On peut choisir la langue du logiciel (il y en a 10) et l’utiliser en téléchargement ou en Saas.

Comme les autres outils de mindmapping avec IA, on commence par deux options :

    1. Une carte avec IA (ChatGPT) ;
    2. Une carte sans IA.

La première option, nommée AI Mindmapping, génère une carte « avec un prompt » ou bien « à partir d’un article » (voir Figure 3). Dans ce dernier cas, elle va directement chercher l’information là où on lui demande. Attention toutefois, cela n’empêche pas une IA d’halluciner même si cela limite le risque.

Pour l’option avec prompts, la version gratuite est limitée à 20 maximum, mieux vaut donc ne l’activer que si le sujet est bien défini. Une fois la carte générée, on peut la modifier en spécifiant le nombre de branches à ajouter, sous forme de questions ou d’idées, etc.

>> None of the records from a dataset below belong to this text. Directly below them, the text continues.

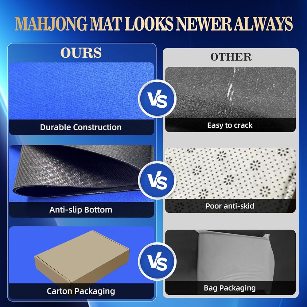 [DURABLE BOX PACKING & REDUCE CREASES] Our product comes in a high-quality square box, not use flimsy bags. This packaging reduces creases by up to 90%. Additionally, the mahjong mat is made from a new material, ensuring that any creases will bounce back easily. Say goodbye to creases!!!
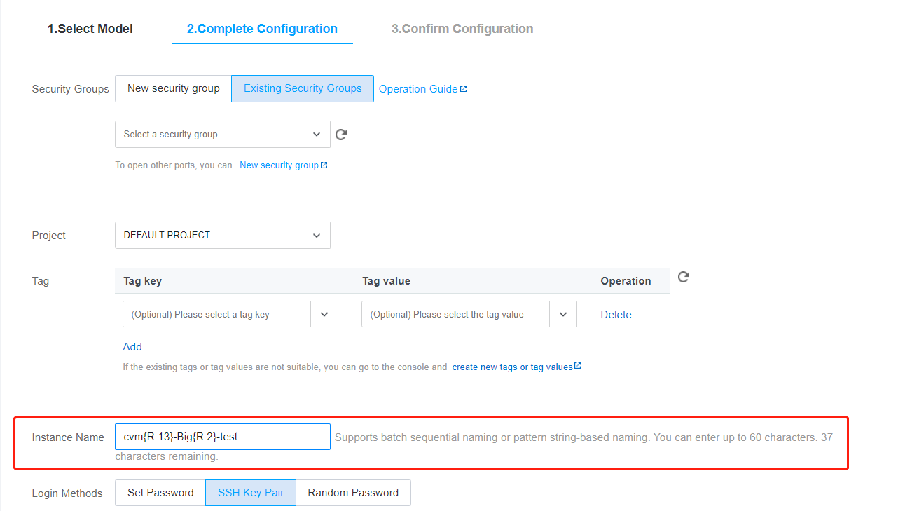 Saat Anda perlu membeli n instans dan membuat nama instans dalam bentuk tertentu, seperti “CVM+Sequence number” (misalnya, CVM 1, CVM 2, dan CVM 3), Anda dapat menggunakan fitur Secara Otomatis Menaikkan Nomor Berakhiran. Saat Anda perlu membuat instans n (n) dan memberi nama instans tertentu dengan nomor menaik mulai dari x (x), Anda dapat menggunakan fitur Menentukan Satu String Pola. Saat Anda perlu membuat n instans dengan beberapa awalan dalam namanya, yang masing-masing berisi nomor seri tertentu, Anda dapat menggunakan fitur Menentukan Beberapa String Pola. Langkah-Langkah
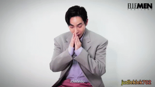 Peck Palitchoke performs a traditional Thai wai greeting, smiles, and introduces himself in this ELLEMEN THAILAND clip.

En pratique, plutôt que de passer plusieurs prompts à définir sa pensée, ne pas hésiter à lui redemander le même prompt à quelques jours d’intervalle : la première fois que nous lui avons demandé « Génère une liste hiérarchisée des médias de la finance », nous n’avons obtenu qu’une typologie thématique et pour obtenir le nom de sources/médias nous avons dû demander à son IA d’ajouter des branches, avec plus ou moins de succès (elle génère du texte, qu’il faut remettre dans une forme adaptée à une mindmap). La même requête, quelques jours plus tard, a été bien plus pertinente ! Elle a donné, au premier niveau, le type de sources (Études de marché, sites d’actualité…) et au deuxième niveau, cinq branches avec le nom des sources. Si besoin, l’IA va même jusqu’à créer une mindmap sur trois niveaux, pour générer une liste claire de sources. Seul bémol, malgré un prompt en français, toutes les sources sont en anglais !

Dans le second cas (sans IA), on choisit New Mindmap pour réaliser une carte manuellement, avec des modèles ou non. Quel que soit son choix, les options gratuites seront beaucoup plus complètes et nombreuses, que les outils classiques connus jusqu’à présent. On peut ainsi ajouter des images, des stickers, des notes, des liens, etc.

Le collaboratif, valeur ajoutée mise en avant par l’outil, est possible dès la version gratuite (expliquée dans les FAQ) en créant une « planète » de cinq membres maximum, avec lesquels partager jusqu’à dix cartes mentales et 30 images par carte.

Pour aller plus loin, GitMind propose des formations en gestion des connaissances, notamment aux écoles et aux univer­sités. Pour un usage individuel, on con­seillera leur chaîne YouTube, qui fourmille de cas d’usages sous forme de tutoriels.

 

Figure 3 : GitMind permet de générer une carte mentale à partir d’un article.